_Supplied data_:
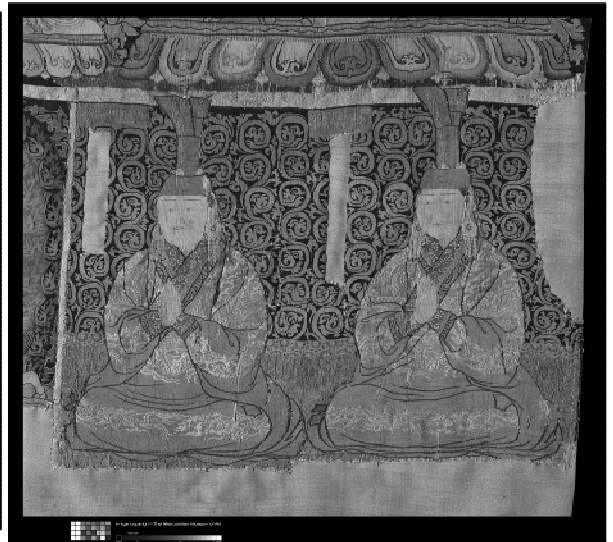
Fig. 6A. Detail: two emperors, TuγTemür and his elder brother Qosila , on the lower left of the thangka...
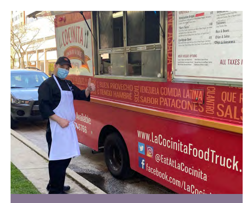
To refuel those who fuel others and support the communities around our own, employees at The Mather in Evanston enjoyed lunch from a local food truck.
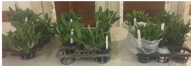
Orchids for sale from Nancy
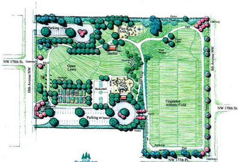
Sunset School Park Parks, Recreation & Cultural Services Department
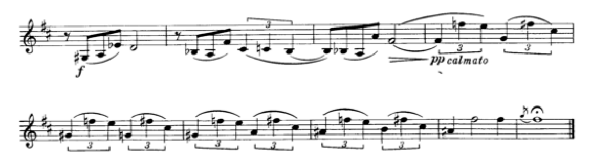
Ex. 4.2 Sonata, Allegro tranquillo, mm. 50–58

Reproduced by permission of Broude Brothers Limited.
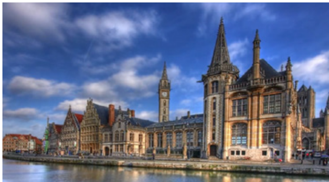
EVM Europe 6 Conference Will be held on December 2nd and 3rd 2014, at Ghent University in the beautiful medieval city of Ghent, Belgium
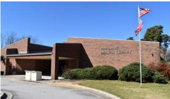
Friedman Branch Library 1447 Jackson Road Augusta, GA 30909 (706) 736-6758
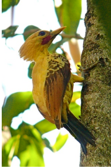
CREAM-COLORED WOODPECKER, IGUAZÚ
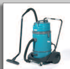
V14 large capacity with trolley
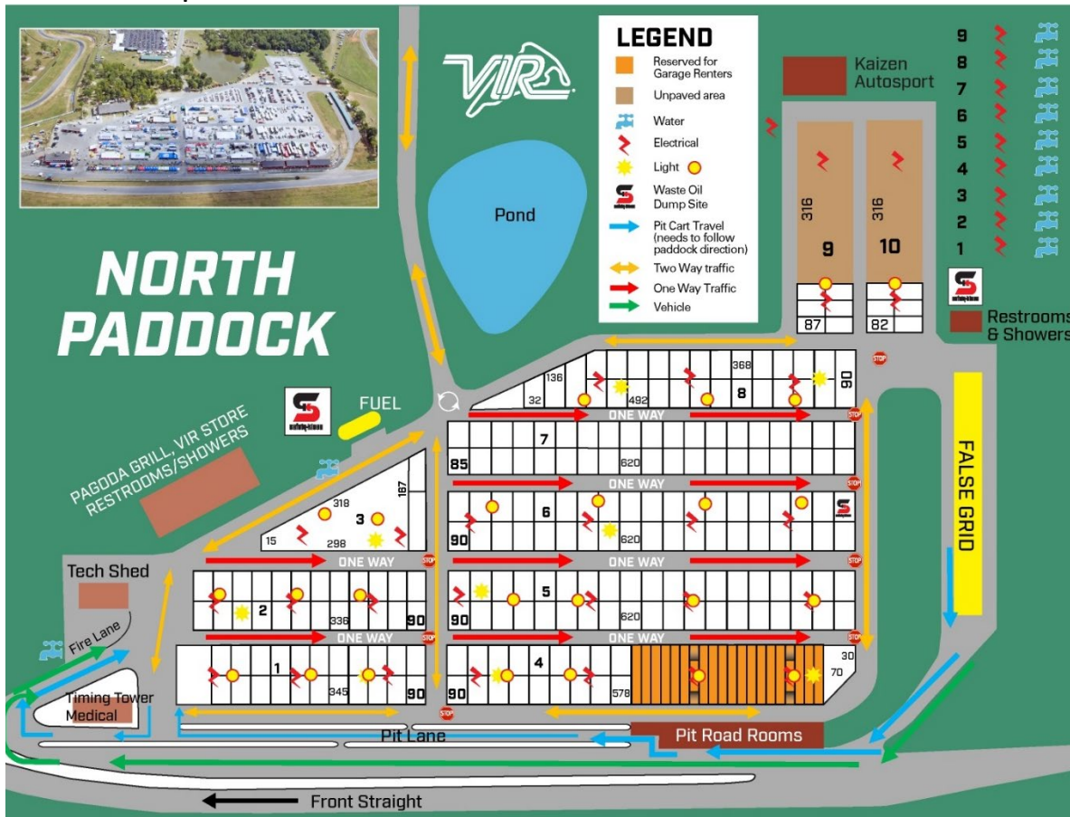
Paddock Map: VIR Paddock Map
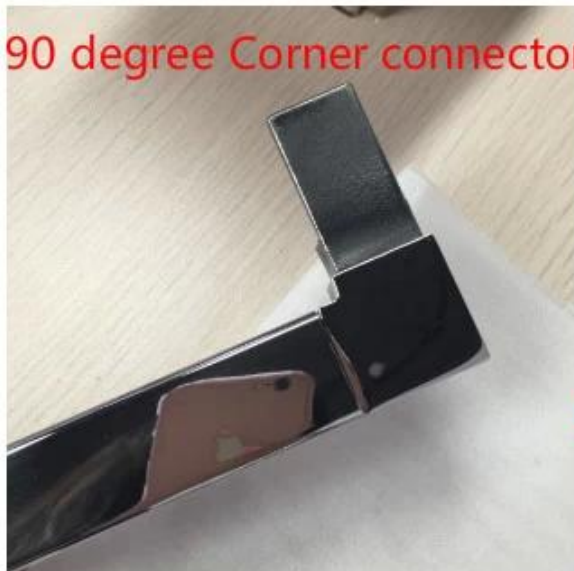
90 degree Corner connector
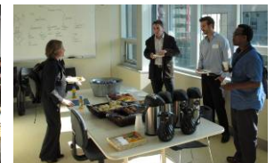
Pulse oximetry workshop participants
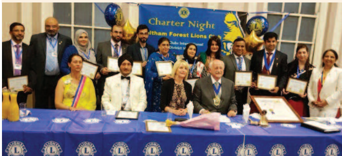
At the Waltham Forest Charter Night
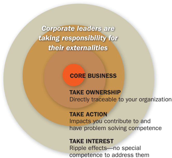
FIGURE 1 Ripples of Responsibility
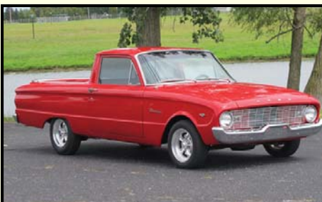
1960 Ford Ranchero Custom

146,000 miles from new. It runs smoothly and shifts perfectly and at highway speeds is very fast. The paint is Champagne Gold and was recently repainted. Car is a looker and a good driver.
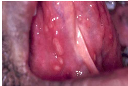
Fig. 7: Aphthous ulceration
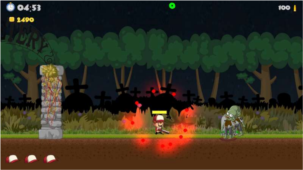
Red Cap with the Laser wheel
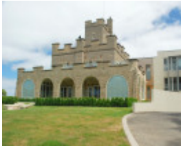
DELGANY SOHE 2008
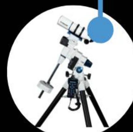
70mm f/5 Petzval APO Refractor
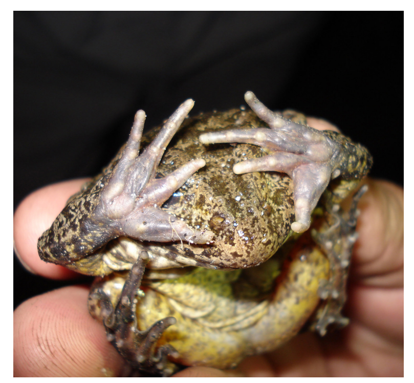
Gopher Frog in a "defensive" posture (Jeff Humphries)
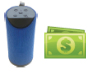
$700+ Total Sales Bluetooth Tower Speaker AND Council Cash
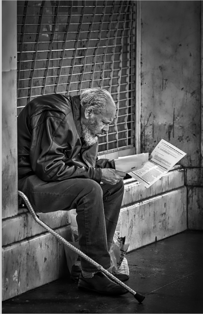
“A CONCERNING LETTER” © INGE VAUTRIN 2017 S4C International Exhibition of Photography Photojournalism Human Interest HM
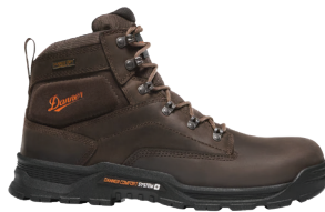
CRAFTER COMPOSITE TOE Leather Work Boot 17421 $220 M's Sizes 8-15 Reg. & Wide
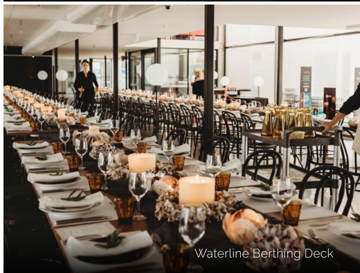
Waterline Berthing Deck

OUR OTHER WATERSIDE LOCATIONS YOU MIGHT LIKE TO CONSIDER FOR YOUR EVENT...PLEASE SEE PAGE 4
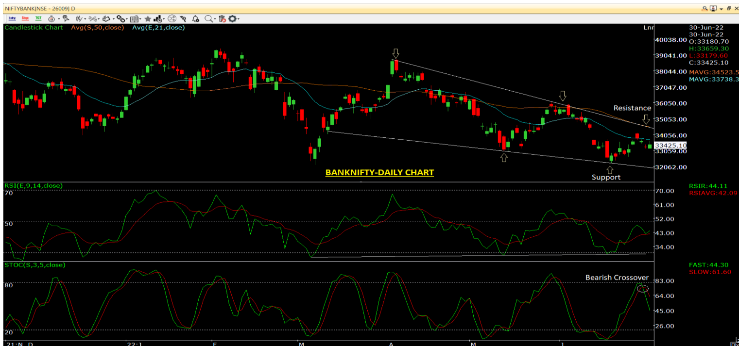
BankNifty- Daily Chart
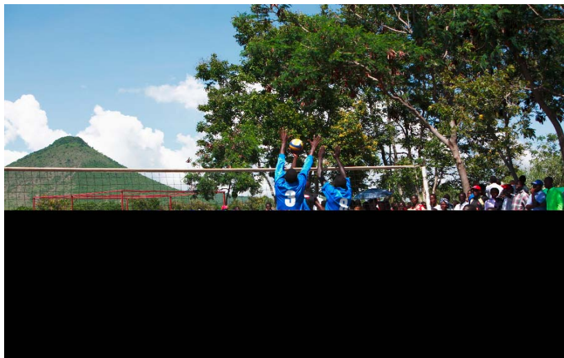
Part of the action during the WAD 2006 volleyball tournament
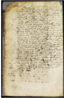
Ordinance for the more effectual prevention of quarrels and broils in the public streets of New Amsterdam (NYSA_A1875-
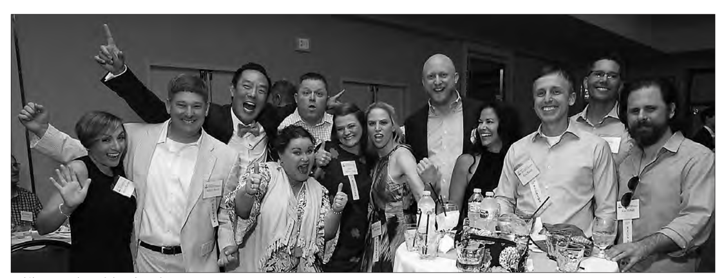
Jubilant members of the Class of 2004

_What is required_: Only the lines from the line with "At the Waltham Forest Charter Night" to the bottom of the material above should be reproduced, exactly and without pictures.

_Response to this exercise_:
At the Waltham Forest Charter Night
FIGURE 1 Ripples of Responsibility
1960 Ford Ranchero Custom

146,000 miles from new. It runs smoothly and shifts perfectly and at highway speeds is very fast. The paint is Champagne Gold and was recently repainted. Car is a looker and a good driver.
Fig. 7: Aphthous ulceration
Red Cap with the Laser wheel
DELGANY SOHE 2008
70mm f/5 Petzval APO Refractor
Gopher Frog in a "defensive" posture (Jeff Humphries)
$700+ Total Sales Bluetooth Tower Speaker AND Council Cash
“A CONCERNING LETTER” © INGE VAUTRIN 2017 S4C International Exhibition of Photography Photojournalism Human Interest HM
CRAFTER COMPOSITE TOE Leather Work Boot 17421 $220 M's Sizes 8-15 Reg. & Wide
Waterline Berthing Deck

OUR OTHER WATERSIDE LOCATIONS YOU MIGHT LIKE TO CONSIDER FOR YOUR EVENT...PLEASE SEE PAGE 4
BankNifty- Daily Chart
Part of the action during the WAD 2006 volleyball tournament
Ordinance for the more effectual prevention of quarrels and broils in the public streets of New Amsterdam (NYSA_A1875-
Jubilant members of the Class of 2004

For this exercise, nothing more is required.